De même qu'on ne peut forcer une personne à oublier un fait dont elle a pris connaissance, on ne peut effacer d'internet une information. Internet est composé des centaines de millions d'ordinateurs de ses utilisateurs, qui ont chacun la possibilité de sauvegarder ce qui leur chante. Demander à ce que des données soient chez eux effacées au nom d'un droit à l'oubli ressemble un peu à exiger que la police vienne chez vous brûler tous les journaux de plus d'un certain âge. Il est impossible de donner techniquement ce droit sans ouvrir la porte à des abus qui font réellement frémir.

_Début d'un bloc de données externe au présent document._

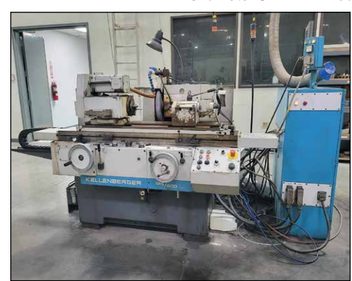
Kellenberger UR125/600U Universal ID/OD Grinder

Supertec G20P-50NC Universal Cylindrical Grinder
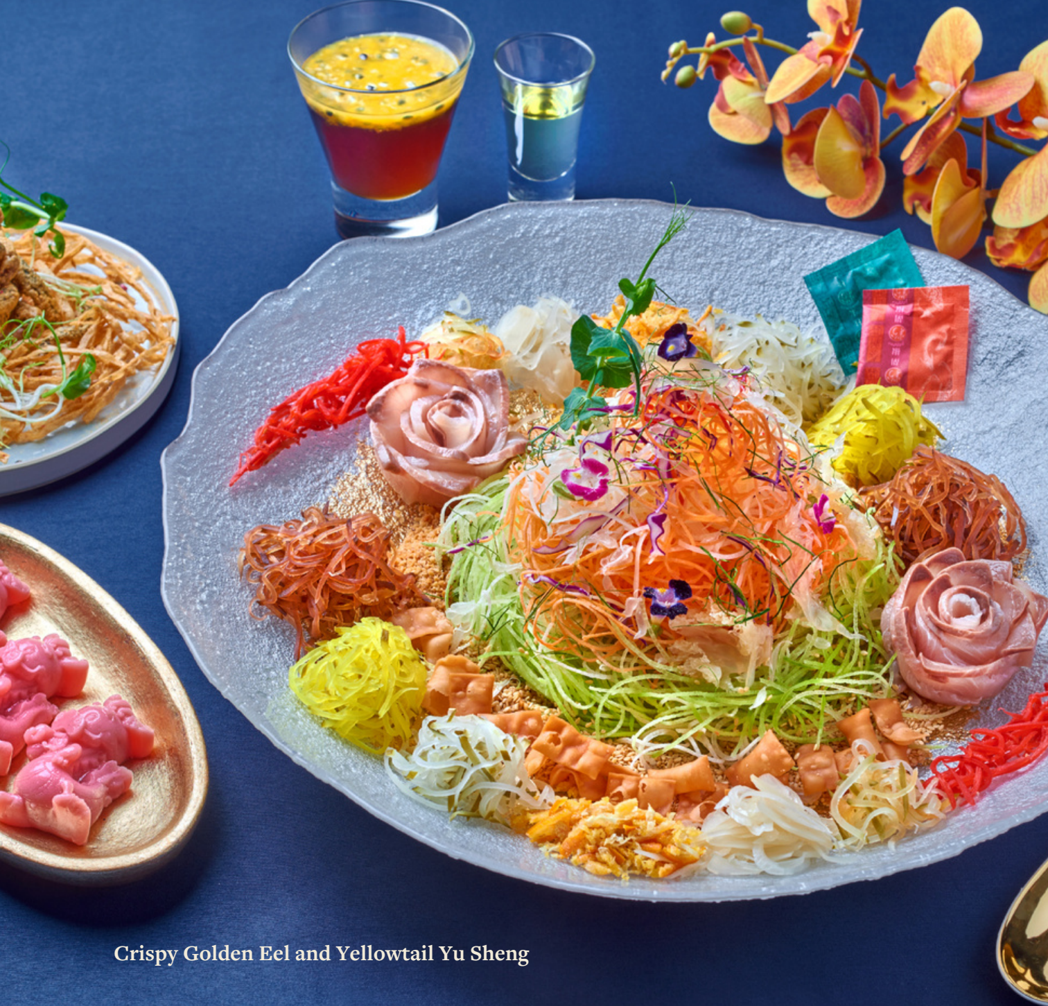
Crispy Golden Eel and Yellowtail Yu Sheng

Il ne faut cependant pas s'en inquiéter outre mesure : le droit à l'oubli est principalement moral et est d'ores et déjà bien compris, accepté et appliqué par la population. Les frasques de jeunesse sont généralement bien pardonnées par la société. Il est de mauvais goût pour un journaliste de ressortir de vieux faits, mais on considère de bonne guerre qu'il soit possible contre un personnage public utilisant ce genre d'attaque de pouvoir lui répondre sur le même ton.

Légaliste ou moraliste ?

Dernier point, sommes nous au sein d'OpenData dans une démarche légaliste ou moraliste ? C'est à dire devons nous considérer que l'open data est une initiative qui doit rentrer à tout prix dans le cadre strict de la lettre de la loi ou nous plaçons nous sur un terrain politique plus large en nous réservant la possibilité de contester le bien-fondé de certaines lois ?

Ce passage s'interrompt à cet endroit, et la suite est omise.